We have all but abandoned those forms of the “rod” because psychologists and the mental health establishment have convinced us that we hurt our children more than we help them when we beat them.  Numerous studies have pointed to the negative consequences for all children who are spanked.  These include higher risks of anxiety and depression, higher rates of aggression toward others, and a more distant relationship with parents.  What we are seeing, at least here in Chatham County, is in 1994 there were 2,798 juvenile offenses (charges) of youth (ages 16 and under).  In 2010 that number has increased to 3,609, a 29% increase.  Among Black males, specifically in 1994, there were 1,539 offenses (charges) reported by Juvenile Court.  By 2007, that number had increased to 2,520, an increase of 64%.  Clearly, our children are misbehaving at higher rates and in larger numbers and the offenses are being committed by younger Black children.

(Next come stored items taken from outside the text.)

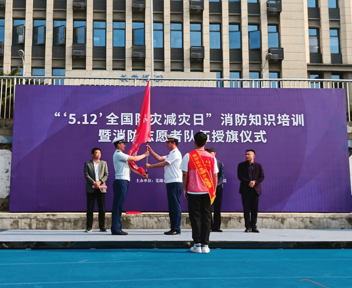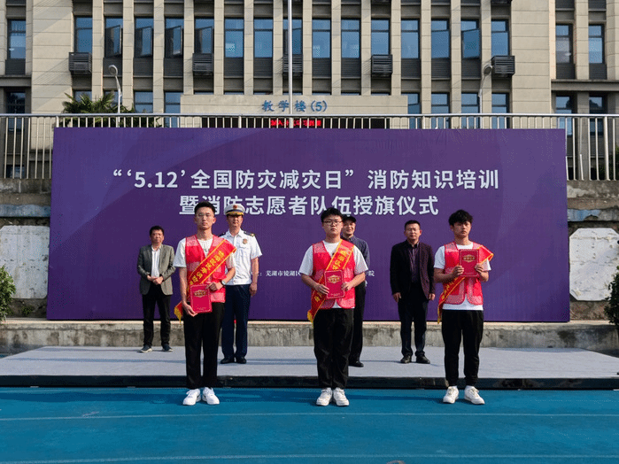5月12日,芜湖市镜湖区消防救援大队在我校开展“5.12全国防灾减灾日”消防知识培训暨消防志愿者队伍授旗仪式。太阳集团2018登录网址“博谘”实践队全体志愿者,党委书记王军和党委副书记钱彬彬出席活动。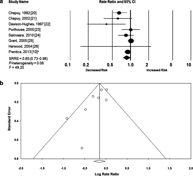 Of the citations retrieved, eight studies including 30,970 participants met criteria for inclusion in the primary analysis, reporting 195 hip fractures and 2231 total fractures. Meta-analysis of all studies showed that calcium plus vitamin D supplementation produced a statistically significant 15 % reduced risk of total fractures (SRRE, 0.85; 95 % confidence interval [CI], 0.73–0.98) and a 30 % reduced risk of hip fractures (SRRE, 0.70; 95 % CI, 0.56–0.87). Numerous sensitivity and subgroup analyses produced similar summary associations. A limitation is that this study utilized data from subgroup analysis of the Women’s Health Initiative.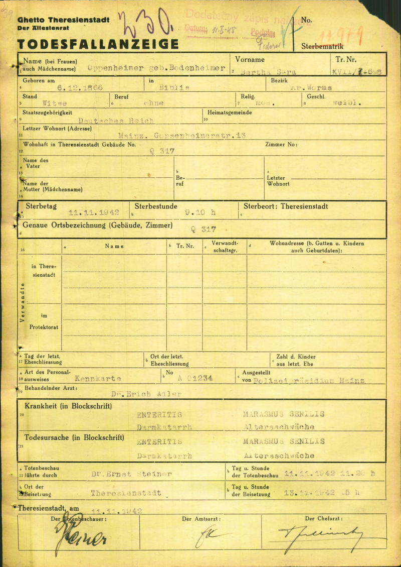 Oppenheimer Berta: Oznámení o úmrtí, ghetto Terezín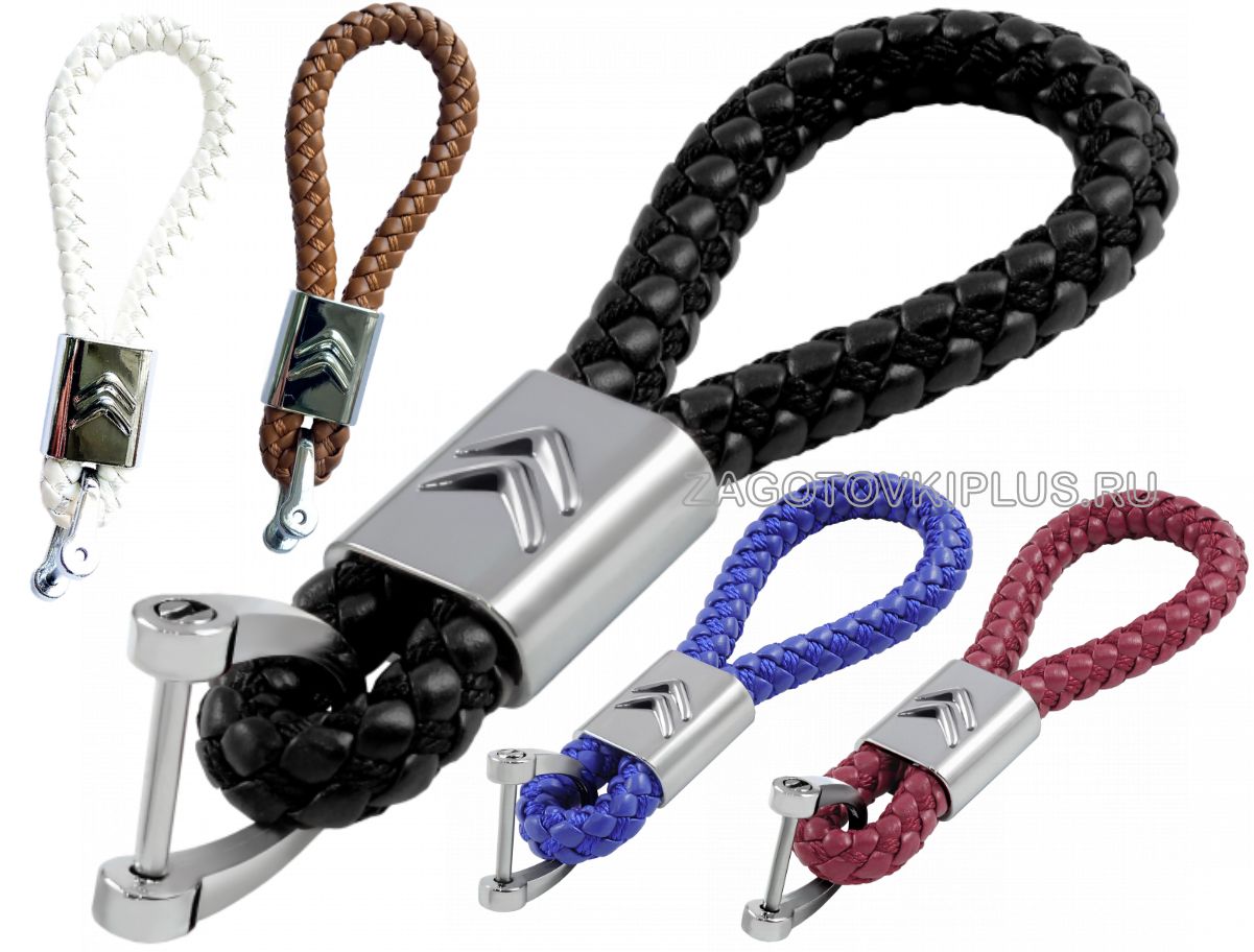 - плетёный ремешок из натуральной кожи с хромированным логотипом авто

So, what are Black parents to do?  We are to find “alternative” ways to discipline our children so we don’t damage them further.  So, we need to put down the belts, backhands, and Bibles and “talk” to our children.  We should become “friends” with them so they won’t be so distant.  And we surely should not use the outdated and “tired” excuses called the “rod” to correct our children.  So, I guess to intellectuals like Dr. Poussaint, God is just a violent God.  I don’t agree that every form of physical force is violent and meant to violate and abuse.  There is a difference between punishment and discipline.  Discipline without love could turn into punishment, and some Black parents need to learn the difference between the two.  Far too many Black kids are being abused by a parent who didn’t need to be a parent in the first place, but that’s a different article.


From what I can tell, Daddy Dollar knows the difference between the two.  And Poussaint and others are simply wrong.  What is a “tired excuse” is the use of “scholarship” to dismiss what the Word of God clearly teaches.  God is love.  Everything He does is out of love; to include disciplining his children.  Violating, damaging, and abusing are not acts of love.  I don’t believe our fore parents were guilty of it (OK…some of it), and I don’t believe Daddy Dollar is guilty of it either.  There are no easy answers, but we have to deal with it because the jail beds are being filled and more are being built.  We simply have to get a handle on our children and discipline needs to be a part of that.  As a parent you need to pray to God for discernment and guidance as you talk to your children.  But keeping a belt in arms reach might not be a horrible idea!